WASHINGTON – The Postal Service lost $354 million over the last three months, and officials warned that mounting losses could lead to cash flow problems for the rest of the year, the agency said Friday.
The loss was far less than the $1.3 billion in the comparable quarter the previous fiscal year, but Postmaster General Patrick Donahoe continued to press Congress to give the agency more flexibility to manage its finances.
The report for the financial quarter ending December 31 comes as Congress works toward fixing the agency’s troubled finances. On Thursday, the Senate Homeland Security and Governmental Affairs Committee approved a bill that would end Saturday mail delivery and make permanent a temporary hike in the cost of a first-class stamp, which went from 46 to 49 cents on Jan. 26.

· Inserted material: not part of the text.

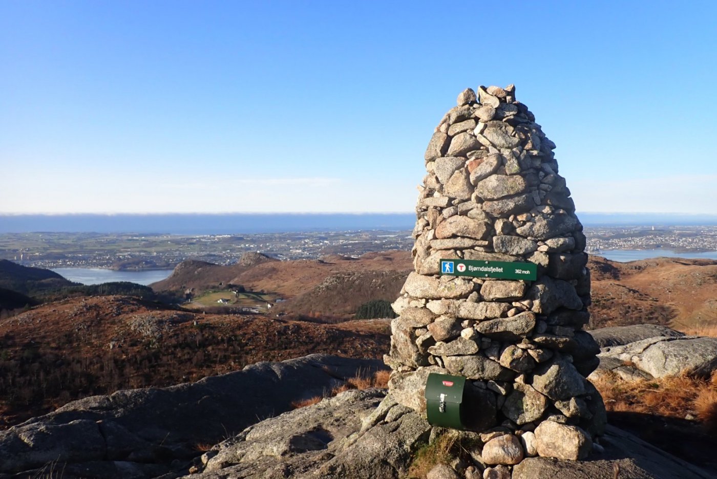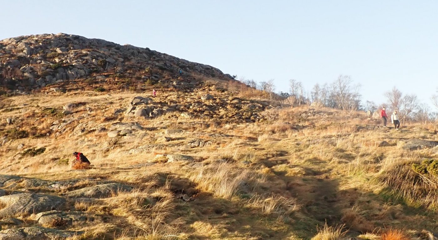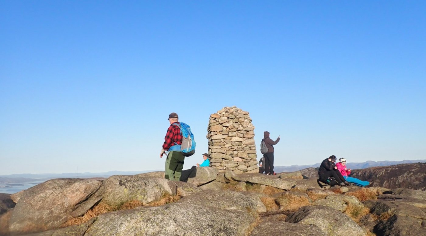 Mandag kom med virkelig flott turvær. Sol og blå himmel og nesten ikke vind. Selv om det hadde blitt ganske mange turer den siste uka, var det umulig å sitte hjemme – å se på det kjempefine været. Broderen ble kontaktet, og han var kjapt klar for en tur. Fortsatt er det slik at han ikke helt er innstilt på langturer. Bakker, både opp og ned er en annen sak. Det går greit. Vi ble enige om å treffes på parkeringsplassen på Gramstad. Det var snakk om Bjørndalsfjellet og Fjogstadnuten – og muligens Dalsnuten, om alt stemte. Det viste seg at vi ikke var enige i tidspunktet for når vi skulle møtes på Gramstad. Jeg ventet en stund på broderen, men fant ut at jeg fikk bare ta oppover mot Bjørndalsfjellet. Skulle broderen komme senere, siden han ikke hadde møtt opp på «riktig» tidspunkt, ville vi i hvert fall møtes. Like under toppen av Bjørndalsfjellet dukket broderen opp. Det ble til at vi tok mot Fjogstadnuten og Dalsnuten. Broderen mente at det ville gå helt greit å ta opp om denne toppen også. Broderen var langt fra den eneste som kom i mot. Det var nesten fullt på parkeringsplassen og mange folk overalt. Det var mer folk på tur denne mandagen enn på en «dårlig» søndag. Det hender ofte at jeg, eller vi, treffer folk vi kjenner på stiene rundt Gramstad. Denne gangen var det mye folk, men ingen kjente. Selv på stien mot Fjorgstadnuten og videre mot Revholen, var det masse mennesker. Her treffer vi som oftest bare noen ganske få andre tur-gåere. Dette var så avgjort dagen for en litt lengre tur enn bare den kjappe to-nuts turen. Her måtte vi legge til Dalsnuten. Det er noen høydemeter fra Revholen, opp mot 150. Den «gamle» stien var forholdsvis bratt, og med noen vanskelige trinne her og der. Det er mulig å gå noen flotte trapper opp over fra Revholen og mot toppen. Der trappene slutte går det en sti – rimelig flatt – over til stien som kommer fra Gramstad direkte over myra. Videre oppover mot toppen er det nye trapper og god sti til selve blanke berget under toppen. Det er helt greit å komme opp denne veien. Nedover går mye fortere enn oppover – for oss. Vi valgte denne gangen å gå tilbake samme vei vi var kommet opp – mot Revholtjørn. Videre er det god sti med flate steiner å gå på til veien. Denne ruta mot Gramstad er muligens 100 meter lengre, men det går antakelig like fort, da det er letere å holde fart på god sti. Det ble noen stopp underveis denne dagen. Med flott vær og nesten vindstille, var det mange muligheter for å ta gode bilder. Etter omtrent to og en halv time var vi tilbake på parkeringsplassen. Der var det mindre biler enn da jeg startet. Det var likevel folk som begynte på sin tur da vi kom tilbake. En flott dag gjorde at mange ville på tur. Både broderen og jeg var fornøyd med dagen. En kjekk tur i flott vær.1 poeng

The Senate measure also would restructure a congressional requirement that forces the agency to make a $5.6 billion annual payment for future retiree health benefits. The Postal Service has been urging Congress to reform the service’s finances as it continues to cope with steep financial losses. The Postal Service lost $5 billion in the last fiscal year, down from $15.9 billion in 2012.

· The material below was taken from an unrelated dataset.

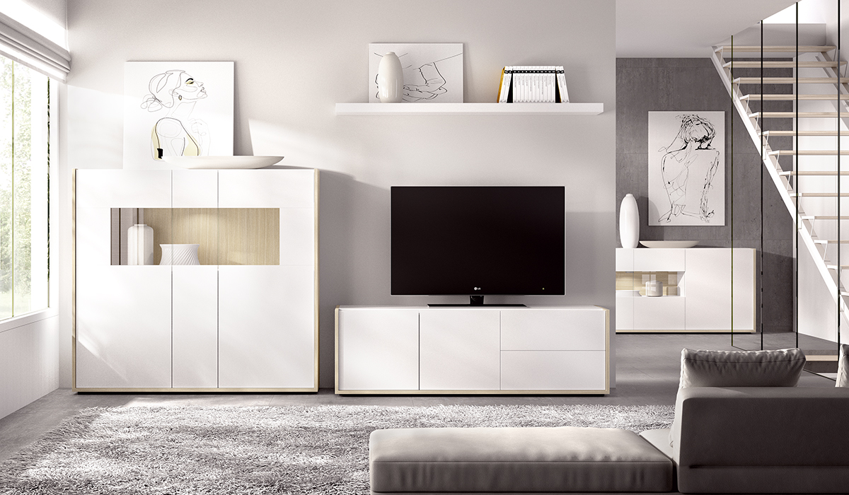 Comedor moderno de 285 cm en color blanco y roble compuesto por bajo 2 cajones + 2 puertas de 150 (f45), módulo singular 3 puertas cristal de 136 (f35) y estante pared 50 mm de 150 cm. Opcional kit 1 foco led. Otros colores disponibles.
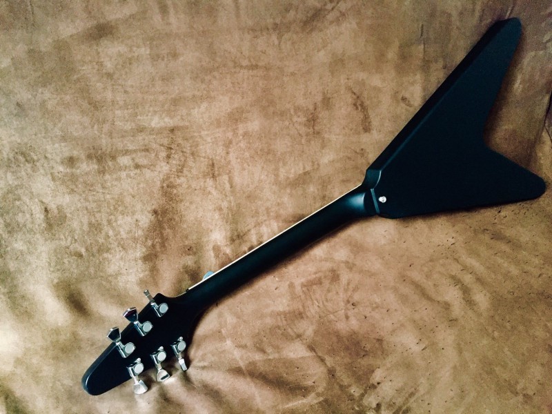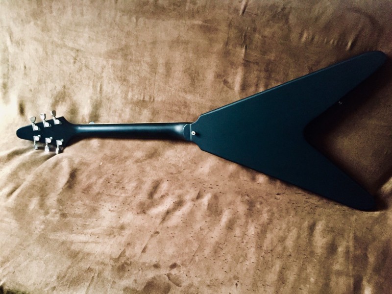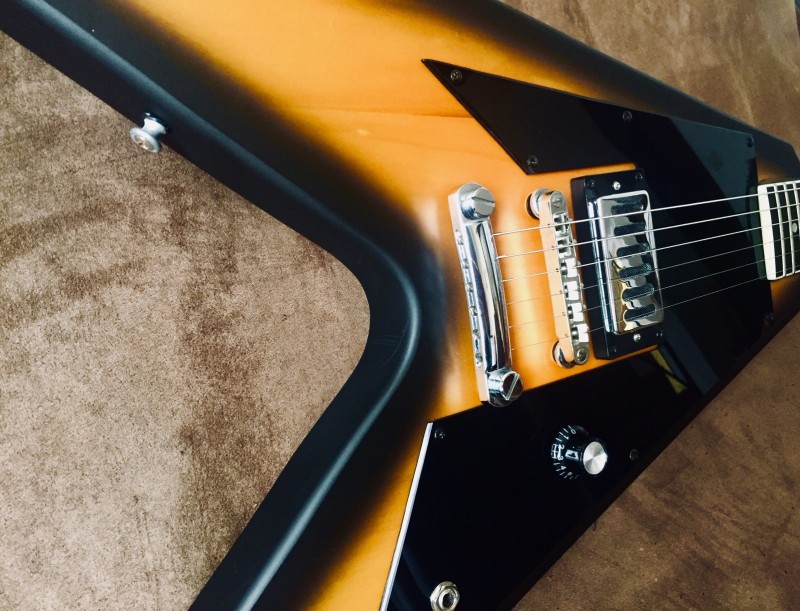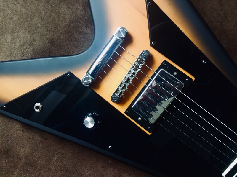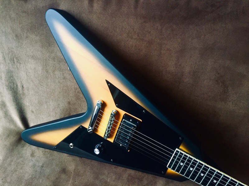 L'historique : je voulais une V. Je la voulais vintage blues-rock like, pas une typée métalleuse. Je la voulais mono-micro. Et idéalement, je la voulais faded.

“We cannot return the organization to long-term financial stability without passage of comprehensive postal reform legislation,” Donahoe said.
On the positive side, the Postal Service said revenue grew by $334 million, driven by a 14.6 per cent growth in shipping and package services that saw a boost from the holiday season. But first-class mail declined 4.6 per cent, as more customers shift to the Internet to pay bills and send emails.

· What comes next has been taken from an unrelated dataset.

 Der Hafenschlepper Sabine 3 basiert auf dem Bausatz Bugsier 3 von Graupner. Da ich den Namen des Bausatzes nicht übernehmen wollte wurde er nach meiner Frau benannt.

Postal unions have complained that the Senate bill goes too far in calling for an end to Saturday mail delivery once mail volume drops below 140 billion pieces over four consecutive quarters. They claim the move would hurt consumers and lead to thousands of job cuts.
“Today’s Postal Service figures for the first quarter of 2014 are highly encouraging and show why the postal network must be maintained and strengthened, not degraded,” said Fredric Rolando, president of the National Association of Letter Carriers.
The bulk of the agency’s financial problems stem from the federally mandated annual payments to cover expected health care costs for future retirees. It has defaulted on three of those payments and warned Friday that it is likely to default again when the next payment is due on Sept. 30.
The federal budget bill that Congress approved last month requires six-day delivery to continue, meaning the U.S. Postal Service won’t be able to cut Saturday mail anytime soon.